Spending on K-12 education and Medicaid will continue to grow faster than state revenues for the next decade and a half, squeezing the amount of money available for other programs, including higher education and human services. And the state share of school costs will continue to rise.

A summary of the preliminary report from the DU Center for Colorado’s Economic Future was presented to an audience of legislators, Capitol staff, lobbyists, reporters and others Friday afternoon. The report was commissioned by the 2010 legislature, and the estimated $500,000 cost paid by DU and nine foundations.

“The state general fund is increasingly structurally unbalanced and unsustainable,” said Charlie Brown, director of the center.

Following the 90-minute session, Sen. Rollie Heath, D-Boulder, told reporters he will make an announcement Monday on a proposed plan to deal with the state’s financial challenges. Heath, who was a major force in getting the DU study launched, wouldn’t provide details except to say he’s not going to propose a resolution for legislators to refer to voters.

Heath has been a leading proponent of state fiscal reform and the need to modernize the state’s revenue system.

In a broad sense, the DU report provided no surprises about the challenges facing the general fund, which is the state’s main “checking account” supported by income and sales taxes. (Read the summary report here.)

Many state officials have noted the growing pressure that school spending and Medicaid place on other programs and on the overall state budget, which must be balanced annually and which also is restricted by revenue limits in the state constitution.

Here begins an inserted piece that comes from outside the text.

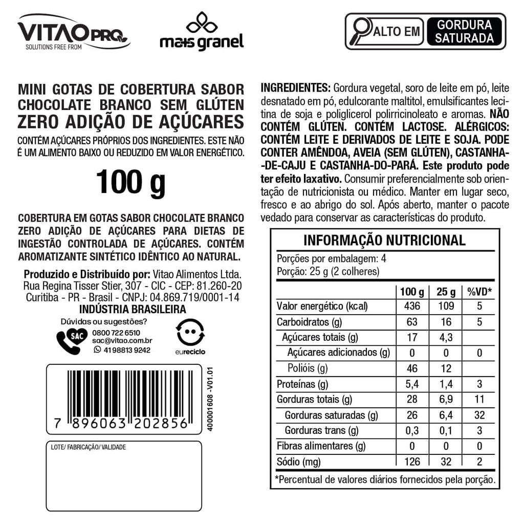 Desfrute da qualidade excepcional das Mini Gotas de Cobertura sabor Chocolate Branco Vegano Zero Açúcar VitaoPRO 100g. Com um sabor equilibrado e envolvente, este chocolate vegano é cuidadosamente elaborado, proporcionando uma experiência única para os apreciadores de chocolate branco, sem adição de açúcar sem lactose e sem glúten. Uma alternativa prática e deliciosa para receitas que respeitam dietas especiais e priorizam qualidade. Desenvolvido para uso profissional no setor de alimentação, o chocolate da Vitao destaca-se por sua versatilidade, sendo uma adição perfeita em diversas receitas, desde confeitaria até sobremesas gourmet. Sua textura cremosa e sabor inconfundível fazem dele uma escolha premium para elevar o padrão das suas criações culinárias de forma mais saudável. Formuladas para resistir ao calor do forno e adicionar qualidade aos seus pratos sem comprometer suas preferências alimentares. vetes. INGREDIENTES: Gordura vegetal, leite de arroz em pó, leite de coco em pó, cúrcuma, edulcorante maltitol, emulsificantes lecitina de soja e poliglicerol polirricinoleato e aromas. ALÉRGICOS: CONTÉM DERIVADO DE SOJA. PODE CONTER AMÊNDOA, AVEIA (SEM GLÚTEN), CASTANHA-DE-CAJU, CASTANHA-DO-PARÁ E AVELÃ. NÃO CONTÉM GLÚTEN. NÃO CONTÉM LACTOSE. SEM GLÚTEN, ZERO ADIÇÃO DE AÇÚCARES, SEM LACTOSE, VEGANO.

Regarding school finance, Brown said, “There’s got to be a redefinition of the overall financial partnership” between school districts and the state, because constitutional limitations have depressed property tax revenues and shifted school costs to the state. Or, Brown said, policymakers “need to be thinking of a whole new mechanism” to pay for schools.

But the DU report does provide a longer view of the problem – making projections out to the 2024-25 budget year – than do the shorter-term projections typically made by legislative and executive branch economists.

Click on graphic to enlarge.

The document released Friday is only a first installment of the project’s work. Brown said an expanded report will be available in a few weeks and that the full analysis won’t be ready until June.

It also appears that the study won’t be able to take a detailed look at the whole state budget, including transportation funding, or at local government finance.

“This turned into a much bigger job that any of us anticipated,” said Brown. “It became infinitely more complicated the more they got into it,” Heath said.

The DU project isn’t intended to make specific action recommendations to policymakers, such as constitutional change or tax increases.

Asked during the meeting for suggestions, Brown jokingly replied, “Invade Wyoming.” That’s an old quip that’s been used in lots of contexts, including meetings of last year’s higher education strategic planning panel. Wyoming is in the enviable position of having relatively high mineral revenues and low population.

It appeared that about a quarter of the legislature’s 100 members were in the audience Friday, including only a handful of Republicans.

Later in the day, Senate Minority Leader Mike Kopp, R-Littleton, issued a statement saying, “I think the DU study has it right where it stated that we can no longer ignore the budgetary problems we face or pass the work off for a later time. This is why Senate Republicans have introduced legislation to reduce the cost, size and complexity of government by establishing core functions and a clear set of priorities.”

Conclusions similar to those in the DU report were reached in a recent report by the Buechner Institute of Governance at the School of Public Affairs, University of Colorado Denver.

“Without raising revenues, it is becoming increasingly clear that we will not be able to maintain even current service levels. Soon, the citizens of Colorado will have to decide what they want from their state government and whether they are willing to pay for it,” that report concludes. You can find an executive summary and the full report here.

Heath also cited the UCD report when teasing his Monday announcement.